Lately I have been expanding my foodie horizons and moving into areas I dared not visit before. One good reason was because I knew The Nudge was just not into all those unique spices. Over the last few months I seem to have awakened something in his attitude that has changed from "no, I have never tasted that but I know I won't like it - to - Let me taste it first, then I will let you know". He has been very adventurous in the kitchen as of late and except for one small disaster, he's taken leftovers for lunch (that is my indication he likes what he has eaten!).

Tonight we traveled to Afghanistan with a dish I knew he would like. I always thought that Afghanistan food was like Indian (of which both of us are not fans), but after researching the cuisine, I found out, quite to my surprise, that there is nothing that they cook that can not be found in a good market here in the US. They love meat (beef #1) and spinach and squash is a big part of their diet. They also make dumplings and noodles, like mild spice, love coriander and use yogurt like most of the Mediterranean countries. The only spice that was not something I am exposed to often is fenugreek but after a whiff I recognize it as something I have found in Greek foods. While India uses it the most, it is prized by most arid-growing countries and travels along the spice trail to Morocco.

Turmeric (which most of us recognize today), is used in almost every dish that the Afghans eat. Today it has been found to have nutritional benefits that goes beyond the tell-tail bright orange color. While India uses ginger, that is one spice not found in the Afghan diet because Muslims do not cook with it (or alcohol of any kind). I imagine that just like India, there are many areas of cuisine that change depending where you live and how close to the spice trail that territory was. Needless to say, I am intrigued with that whole area in relationship to food.

This dish is something I created that might seem more American in nature due to the known ingredients that we can find here in the US, but a dish like this (in one version or another) is found in every home in Afghanistan. Always trying to 'sneak' more vegetables into our diet, the mushrooms were the perfect choice. They are like little sponges, soaking up the juices of all the ingredients that they are cooked with. I was actually able to use more than a 50-50 swap with this dish because lamp has a powerful presence and I needed less meat, making this extremely healthy.

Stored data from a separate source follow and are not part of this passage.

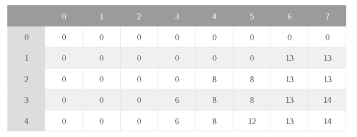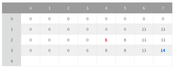 나머지 칸들도 계산해보면 마지막 칸에는 결국 14가 들어가고, 이 마지막 칸의 값이 최종적인 답 (최적의 총 가치) 이 된다.
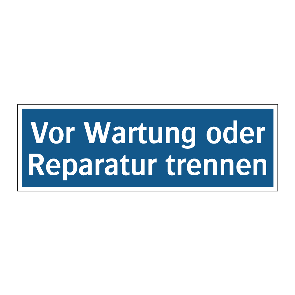 Gebotsschild mit dem Text Vor Wartung oder Reparatur trennen
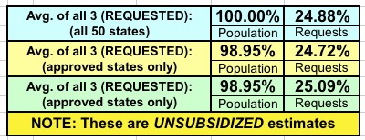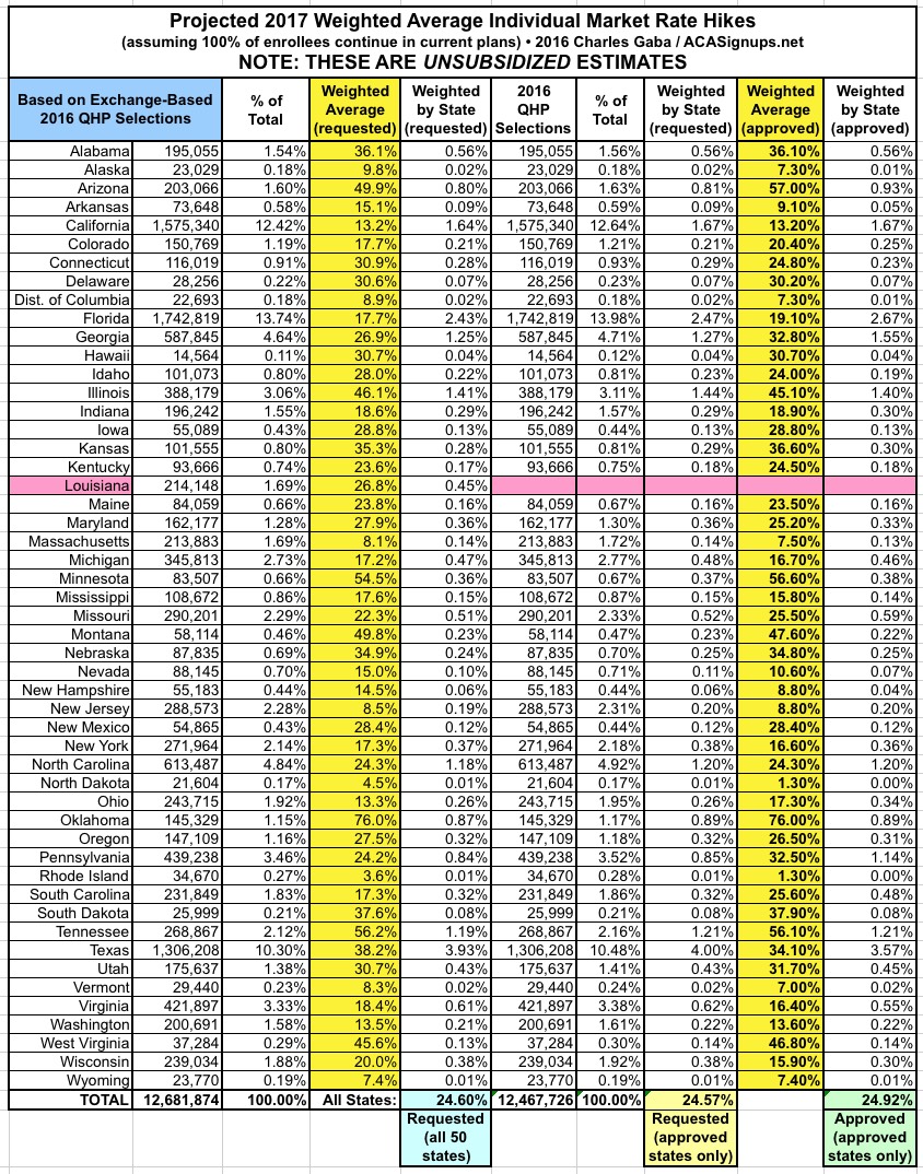 When you average all three methods together, the weighted UNSUBSIDIZED approved rate hike average for EVERY state except for Louisiana comes in at 25.1%:
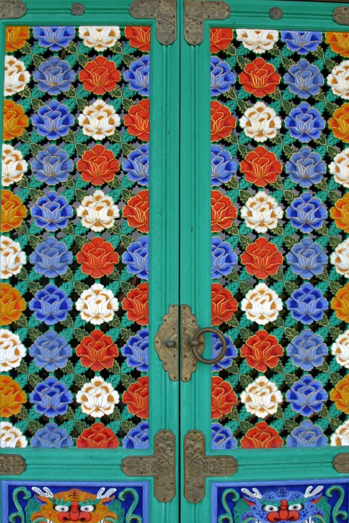 한국 전통 문양은 건축물, 일상 용품, 불교 사찰의 유물에 사용되어 불교를 더욱 강조하였다. 문양을 만드는 주된 목적은 장식이었으며, 종종 물체를 보호하는 기능을 했다. 예를 들어, 단청은 나무 구조물에 다양한 문양을 칠한 한국의 유물이다. 단청 문양을 만드는 이유는 비나 바람으로 인한 부식을 막기 위해서였다. 단청은 특히 한국에 중요한 색상인 파란색, 빨간색, 검은색, 노란색, 흰색, 검은색을 보여주는 데 유용했다.[5]궁궐에서는 품계와 지위가 예복에 수놓인 문양을 통해 나타났다. 왕의 예복인 곤룡포에는 금색 용이 수놓아졌고, 문관의 예복에는 학, 무관의 예복에는 호랑이가 수놓아졌다. 동물들의 수는 품계를 나타냈다.[6] 일상생활에서는 포장, 천 조각, 베갯머리 양쪽에 붙이는 자수 패드, 나무 떡살 등에 문양이 사용되었다. 일반적으로 각 가문은 독특한 떡살 문양을 가지고 있었으며, 이 문양은 변경되지 않았고 다른 가문에서 사용하지 않았다.[7]
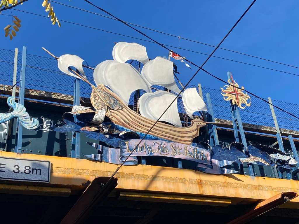 Im not usually a fan of local government commissioned public art, but this one is rather cheery. It was chosen in a competition by the former City of St Kilda in 1993; they asked for something nautical, so the obvious choice was to depict The Lady of St Kilda, the ship that was moored off the beach in 1842 and leant the suburb it’s name. It’s by Alex Nemirovsky, metal enamel, 4m high, partly real partly painted 3D, and there’s mermaids, waves and starfish etc. and it’s the same on both sides of the railway bridge. It was also restored in 2015 by the artist.
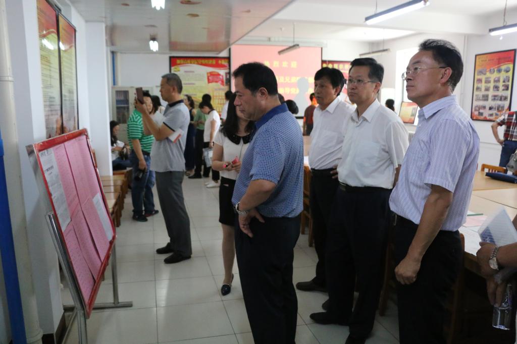 教育厅领导和全区兄弟院校同志观摩了我院党员活动室----生命先锋之家,辅导员杨亚珺从我院党建工作的制度建设、党员发展及考核、党团活动、志愿者服务等方面向考察团领导做了详细的汇报。
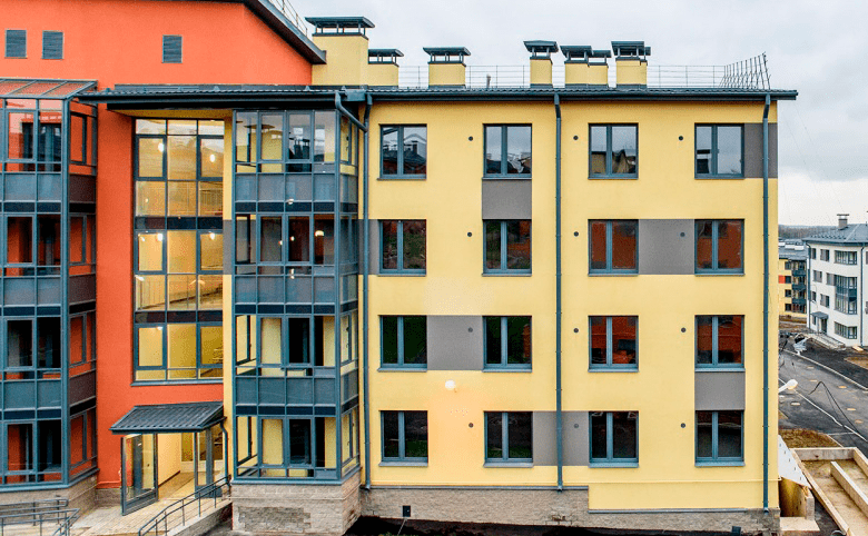 Жилой квартал включает в себя 20 кирпично-монолитных жилых домов высотой в 4 этажа: 13 ситивилл, 3 односекционных дома, 4 многоподъездных корпуса. Объект рассчитан на 563 квартиры. Дома расположены по принципу каскадной архитектуры, что обеспечивает красивый вид из окон независимо от местоположения дома. Светлые фасады украшены яркими цветовыми геометрическими акцентами и витражным остеклением. Лаконичная отделка входных групп выполнена в скандинавском стиле с применением бежевой штукатурки, керамогранитом «под дерево» и панорамным остеклением. В каждой секции предусмотрены помещения для хранения колясок.

Lamb is most often the meat of choice for this style dish but a lean beef can and does act as a suitable replacement since the Afghans do raise beef and quite enjoy it. I went with the lamb and to keep it healthy, after cooking, I drained it well in sheets of paper towels to whisk away all the fat. I then added minced onions, garlic, mushrooms and tomato sauce.
The rest was all herbs and spices. It is topped with a yogurt sauce that is flavored with garlic and lots of mint.
There isn't anything to not like in this dish. I wanted it to be red pepper hot so I added red pepper flakes and a good squirt of Sriracha just before eating but that is something that is optional, as is the fenugreek. If you have dried mint in your cabinet that will do just fine.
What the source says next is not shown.